──────── SUPPLIED MATERIAL

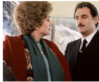
1987 AGENT TROUBLE de Jean-Pierre Mocky avec Richard Bohringer
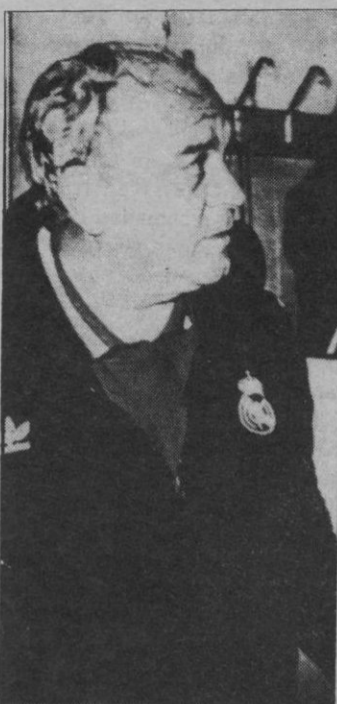
Di Stéfano, cuando era el entrenador del Real Madrid

Valencia.— La directiva del Valencia baraja estos días la posibilidad de contratar a Alfredo di Stéfano como entrenador, siendo mayoritaria esta intención dentro del consejo directivo. Di Stéfano, que ya fue preparador de este club en dos ocasiones con muy buenos
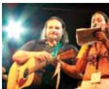
Modena City Ramblers 2005
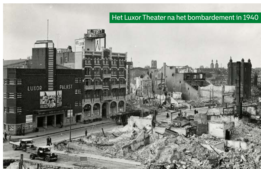
Het Luxor Theater na het bombardement in 1940

Het Nieuwe Luxor opent op 28 april 2001, dit voorjaar 25 jaar geleden. Grote internationale producties als Les Misérables trekken duizenden bezoekers naar Rotterdam en bevestigen het theater als een toonaangevend podium in Nederland. Met een geschiedenis van meer dan een eeuw is Luxor zowel een iconisch gebouw als een cultureel hart van Rotterdam geworden.

────────────────

§ HOW TO COMPLETE THIS TASK:
From the data above, count the lines where "entrenador" occurs and give that figure and nothing else.

§ OUTPUT FOR THIS TASK:
2